O eurodeputado açoriano Ricardo Serrão Santos, que moderou o painel “A economia azul e a governação marinha, incluindo as pescas” chamou a atenção para a “necessidade de compreender de forma mais aprofundada os impactos decorrentes da utilização de FADs e, entretanto, limitar a sua utilização”. No caso do Oceano Atlântico, o eurodeputado socialista receia que a utilização de FADs a Sul dos Açores esteja a impedir a sua circulação até ao arquipélago. Serrão Santos tem, a este propósito, desenvolvido um conjunto de iniciativas que alertam para esta questão das quais se destacam, logo em 2014, pouco depois de tomar posse, o envio de uma comunicação à Comissão em que afirmou que estes dispositivos “atrasam e alteram a circulação dos cardumes de pescado”, e em outubro o envio de uma pergunta à Comissão onde manifestou as preocupações recorrentes da frota de salto e vara dos Açores e da Madeira.

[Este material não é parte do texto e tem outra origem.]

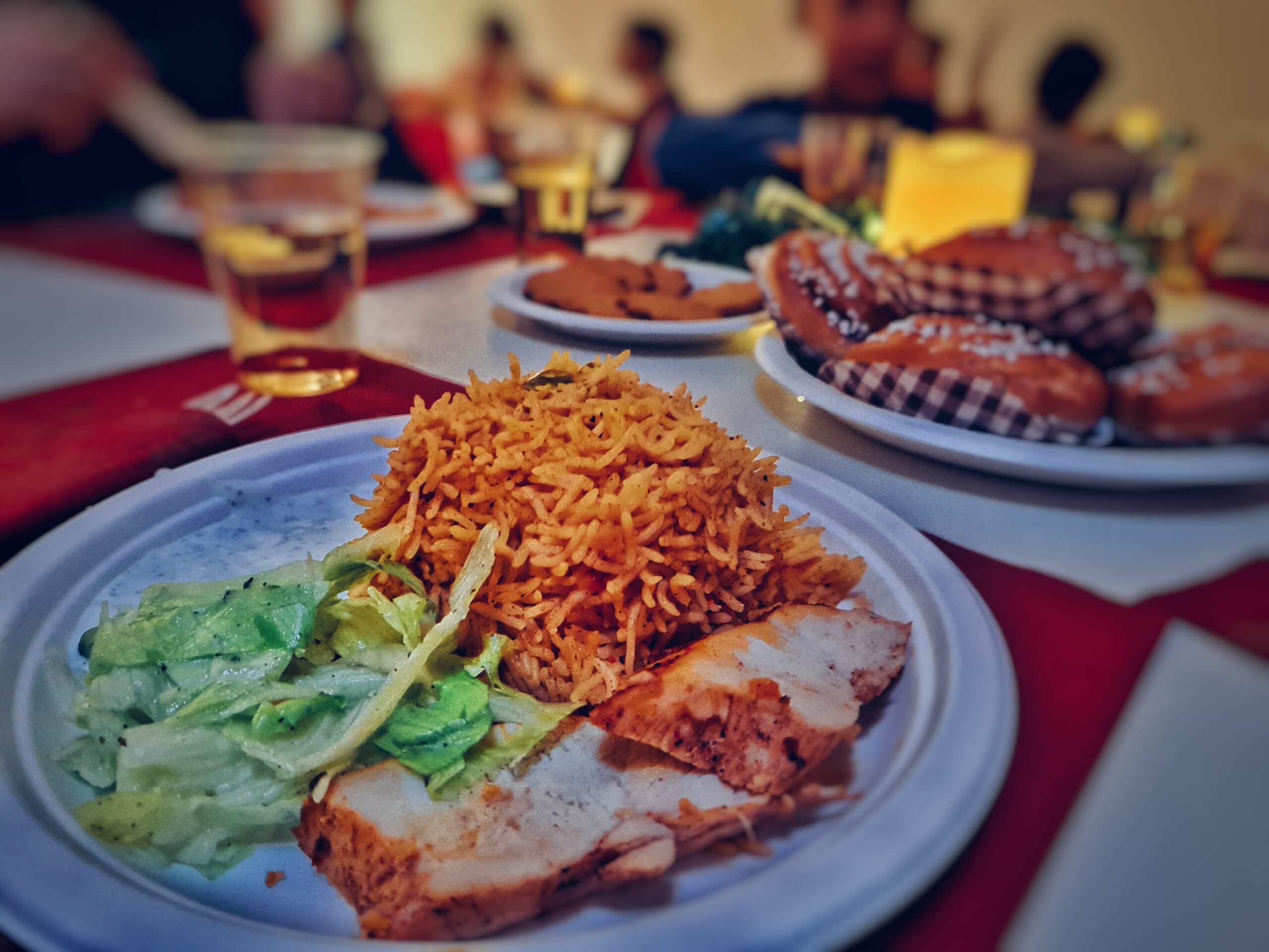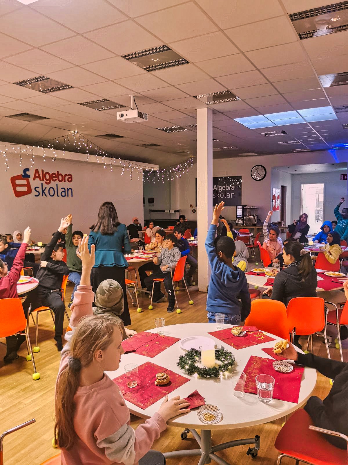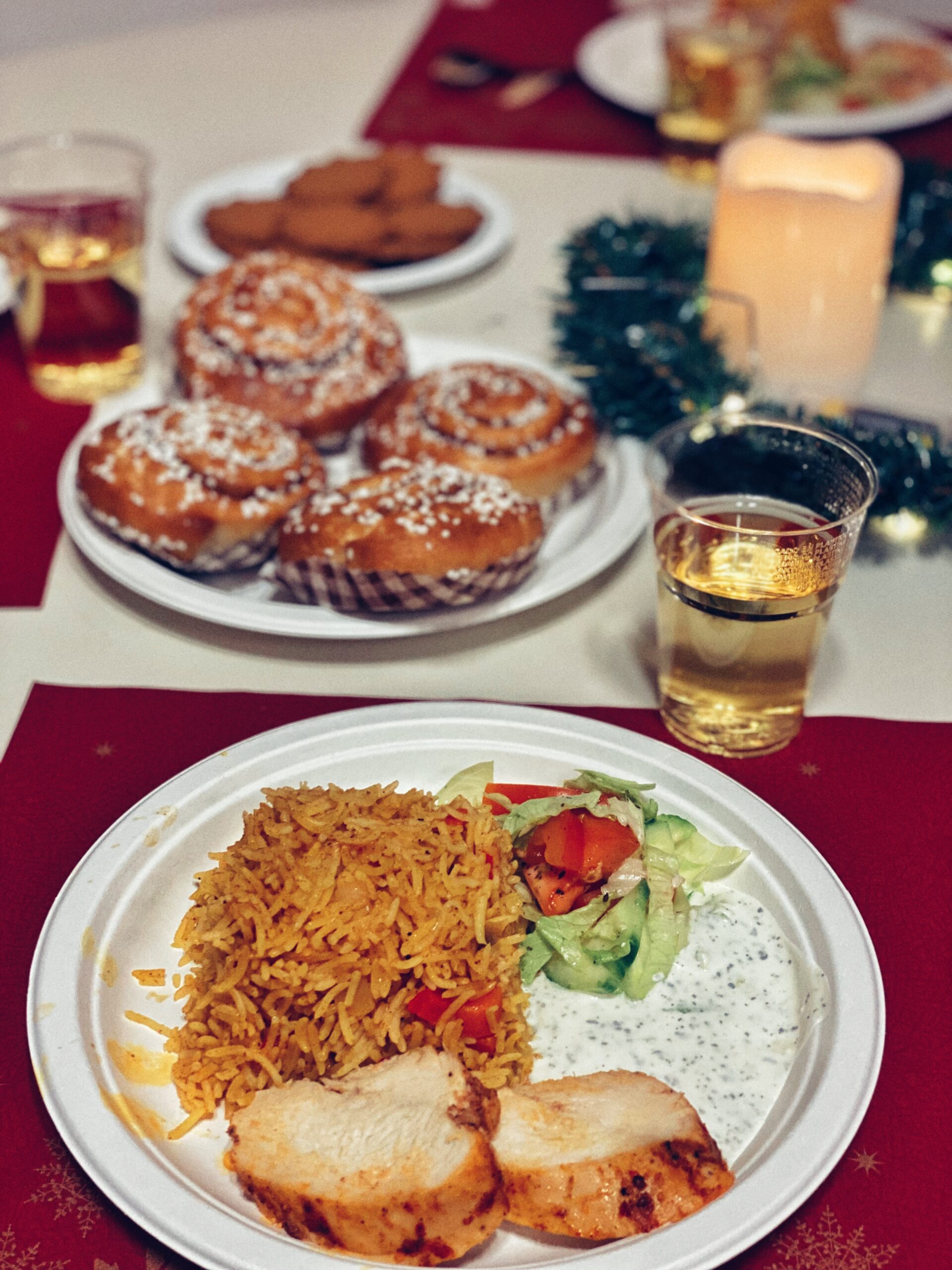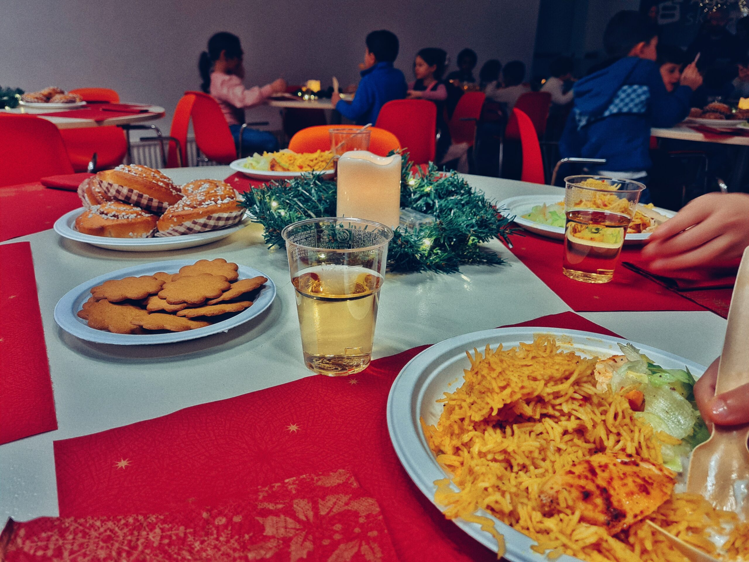 Eleverna fick för en gångs skull sin lunch serverat vid sina bord och äppeldricka serverades som dryck. Som dessert bjöds det på kanelbullar och pepparkakor.

O consenso que envolveu todos os Eurodeputados e os deputados dos países da África, Caraíbas e Pacífico é um passo político relevante e significativo. O aumento do número de Estados que se manifestam preocupados com a utilização excessiva destes dispositivos e a suas tão diferentes geografias podem constituir um importante contributo para que seja decidido a breve trecho um uso mais restritivo de FADs.